Niet willen

Vegaburger? Pasta pesto? Pompoensoep? Het is bij ons een terugkerend ritueel. Over eten. En pubers die niet willen. Wat wil je eten? Weet ik niet. Dan volgt de opsomming. En het antwoord: nee! Je kunt van alles verzinnen, maar het antwoord is de eerste pakweg tien keer: nee, nee, nee! Maar dat was toch je favoriete gerecht? Nú niet meer! Maar je zei laatst dat je dat erg lekker vond. Dat was tóén. En een typische mama-opmerking: ik heb het speciaal voor jou gemaakt! Werkt ook niet. Als we weer de keuze-impasse hebben bereikt, volgt de wanhoopsvraag: maar wat dan wel? ‘ ‘Iets lekkers’, zegt de puber en zoek het maar uit. 

Telkens kies ik een andere strategie. Zoals de ‘geen keuze’-strategie: eten wat de pot schaft, take it or leave it. Of de ‘wie van de drie’-strategie: drie gerechten, een van die drie wordt het.  Of de ‘doe-het-zelf’-strategie: deze keer mag jij koken, succes!
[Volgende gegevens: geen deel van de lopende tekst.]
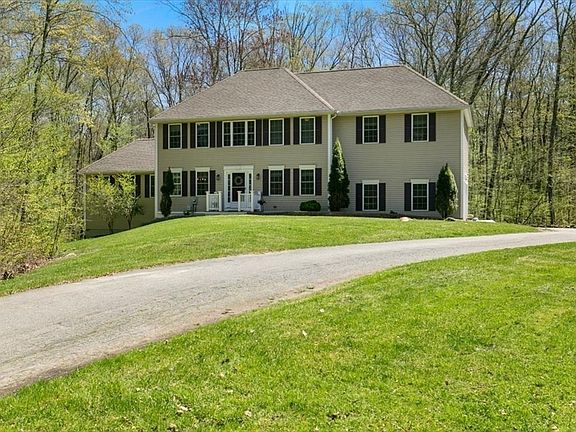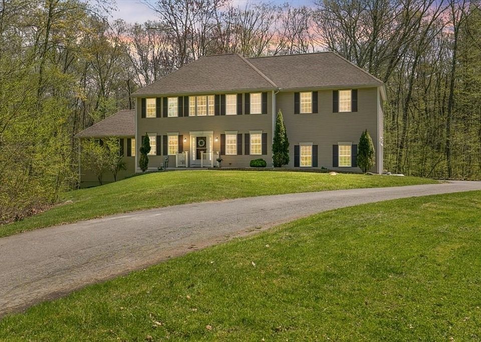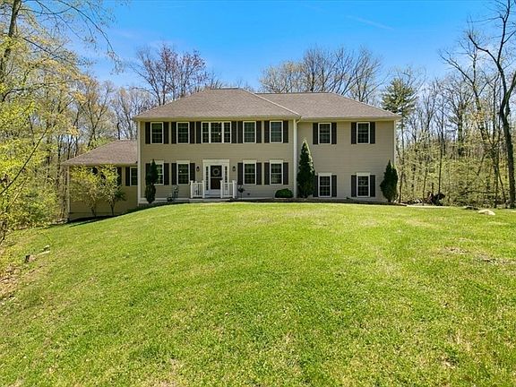 Stunning Colonial set back on a 1.5-acre lot drenched in privacy. The main floor has a great open floor plan that is ideal for entertaining. The welcoming front entry opens to a dining room and living room, which leads to a generous-sized eat-in kitchen boasting ample cabinetry, hardwood flooring, a center island, and a slider leading to a deck overlooking the private backyard! The showpiece of the main floor is the oversized family room with a gas fireplace, hardwood flooring, and recessed lighting. The three bedrooms and an additional room on the 2nd floor are all good-sized with hardwood flooring, closets, and cable. You will love this finished basement!!! Potential for an in-law or a great place for a game room! Options are endless!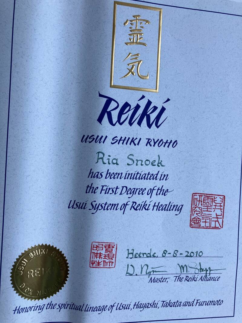 Toen dit ‘wonder’ zich nog een keer herhaalde (ik meen dat ze onze poes toen een behandeling op afstand gaf), wilde ik het ook graag leren. Ik volgde een cursus, kreeg een certificaat Reiki graad 1 en werd lid van het Reiki-groepje, waar Ingrid ook kwam. Eens per maand kom je bij elkaar, deelt bijzonderheden en geef je elkaar Reiki. Nu niet meer, omdat de locatie vlak bij huis weg is, en de terugkom momenten op woensdagmiddag zijn. Woensdag is wandeldag, dus dat ‘matcht’ niet… Met twee mensen uit de ‘oude’ groep organiseren we nu zelf Reiki-uitwisseling.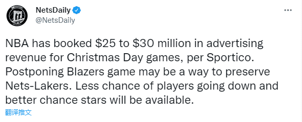 360直播12月23日讯,据美媒NetsDaily的报道,本赛季的圣诞大战,NBA至少可以获得2500-3000万美元的广告收入,美媒还表示联盟延期篮网和开拓者的比赛很可能是因为篮网接下来要和湖人打年终大战,这样的话明星球员上场的机会更大。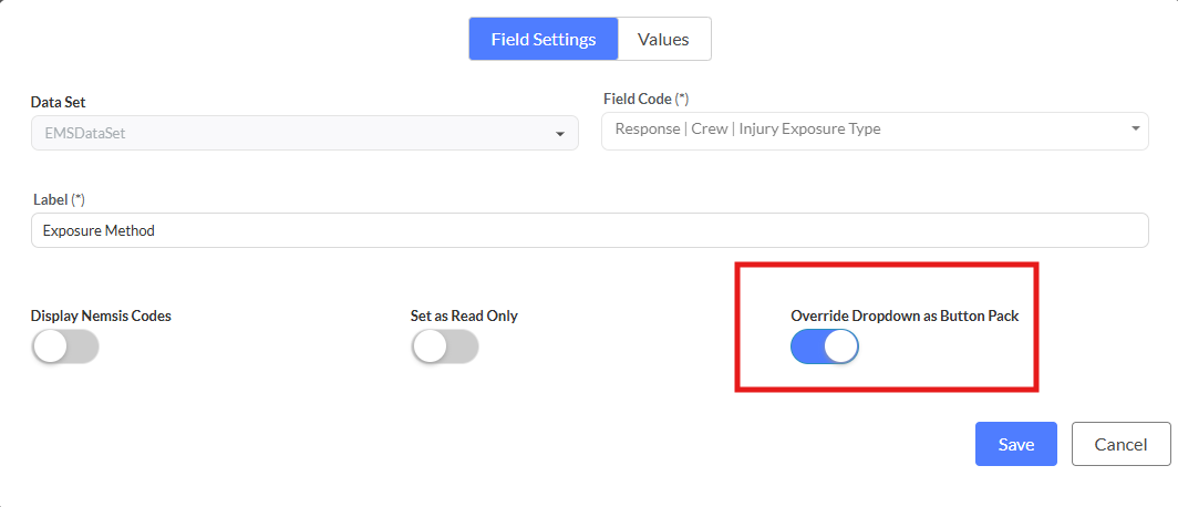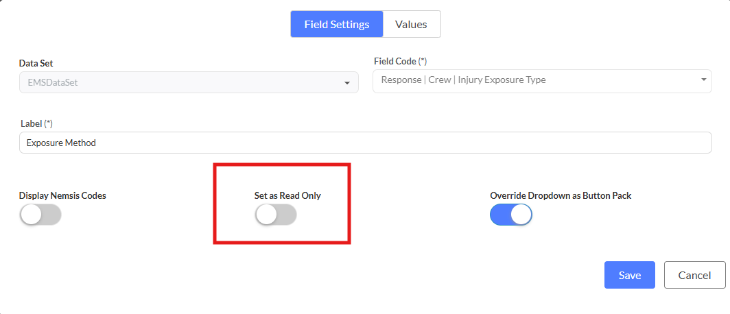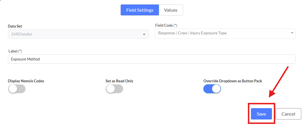 4. To edit, disable, or rearrange the values in a field's dropdown list of choices, click on Values.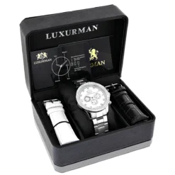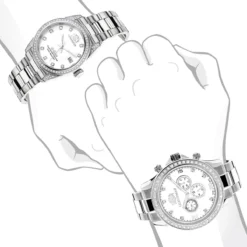 His and Hers Watch collection: white gold plated Luxurman Diamond Watch Set; these two matching diamond watches showcasing a luxurious white mother of pearl face, a white gold plated stainless steel case and white gold plated stainless steel band, this watch-set is quality made with Swiss Movement, conveniently water-resistant to 3 ATM. Ladies diamond watch features 1.5 carats of diamonds while men’s diamond watch showcases 2 carats of diamonds. Giving your partner a Luxurman Diamond Watch will surely garner their attention and ensure that you are both at the leading edge of fashion as you go out together.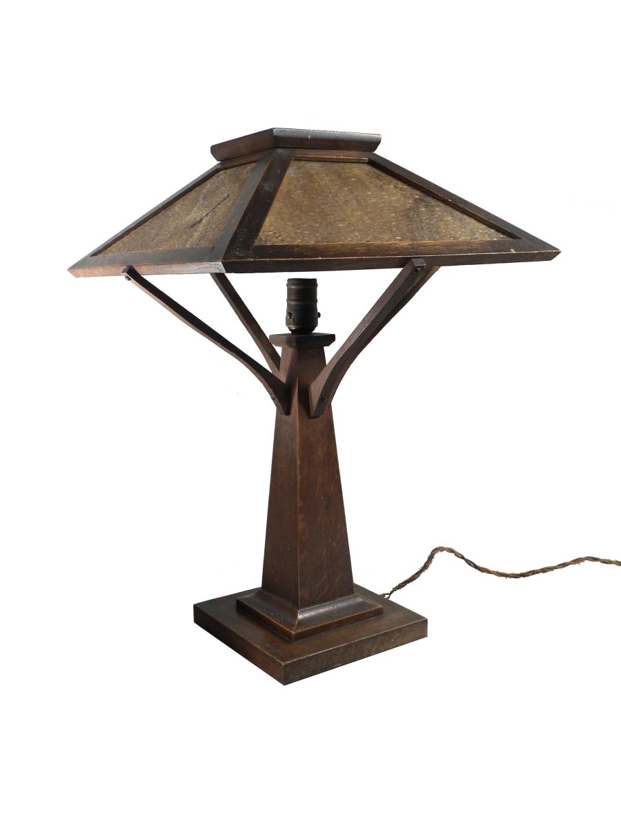 Mission Style Slag Glass/Oak Table Lamp. Good original condition. 21 inches tall.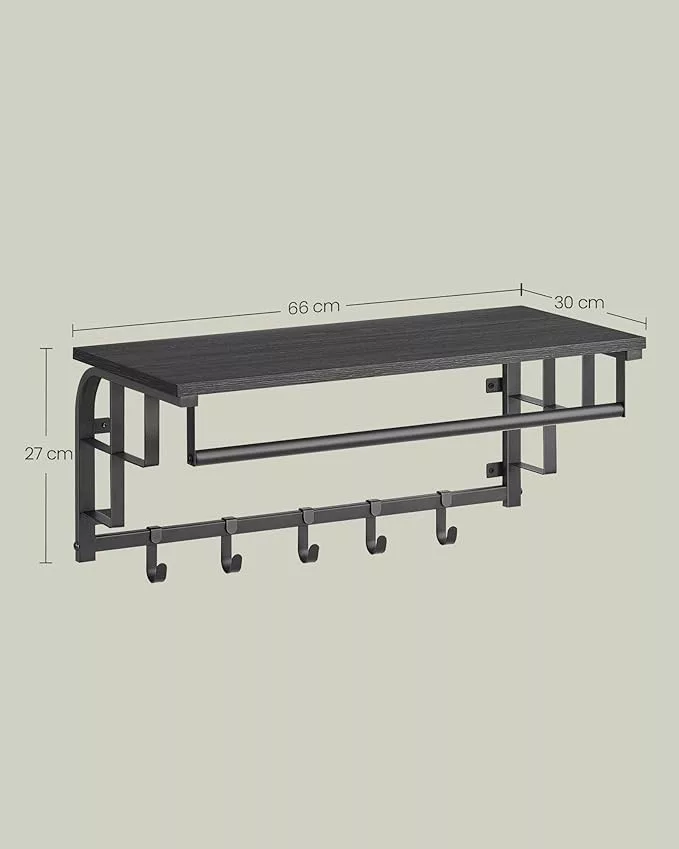 Ez az elegáns fali fogas egyesíti magában a polc, ruhaakasztó rúd és akasztók funkcióit egy kompakt kialakításban. A 66 cm széles polc ideális dekorációk vagy mindennapi tárgyak tárolására, míg az acél ruhaakasztó rúd és az 5 levehető akasztó maximális rugalmasságot biztosít kabátok, táskák és kiegészítők rendszerezett tárolásához.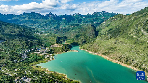夏日時(shí)節(jié),貴州省六盤(pán)水市六枝特區(qū)牂牁江風(fēng)景名勝區(qū)草木蒼翠、江水碧藍(lán),青山綠水與道路村莊組成一幅幅美麗畫(huà)卷。

Allemaal met beperkt succes overigens. Maar ik begrijp die puber ook wel. Het valt niet mee om te kiezen wat je wilt. Wat zijn de opties, wat is jouw voorkeur of stemming, heb je op dat moment trek? En er zijn altijd andere veel belangrijkere zaken, zoals je insta en de filmpjes van jouw favo Youtubers. Uiteindelijk blijft geen enkele puber hongerig in zijn kamer zitten. Al is het midden in de nacht, ze sluipen naar de keuken en vinden genoeg in de koelkast.

En hoe zit het met het voedsel voor de gemeenteraad? Wat wil de raad? Menig collegelid en adviseur zullen het zich (al dan niet) vertwijfeld afvragen. Raad, maak keuzes, geef richting, zeg wat je wilt. Maar hoe moet de raad die keuzes maken? Op basis van welke informatie, inzicht en voorkeuren? Weet de raad wat de implicaties zijn van gekozen opties? En is de raad eraan toe om die richting te kiezen? Best grappig is dat er voor de raad ook drie strategieën worden gehanteerd (zie analogie met strategieën zoals daarnet beschreven): de ‘teken bij het kruisje’-strategie, de ‘opties’-strategie en de ‘zegt u het maar’-strategie.   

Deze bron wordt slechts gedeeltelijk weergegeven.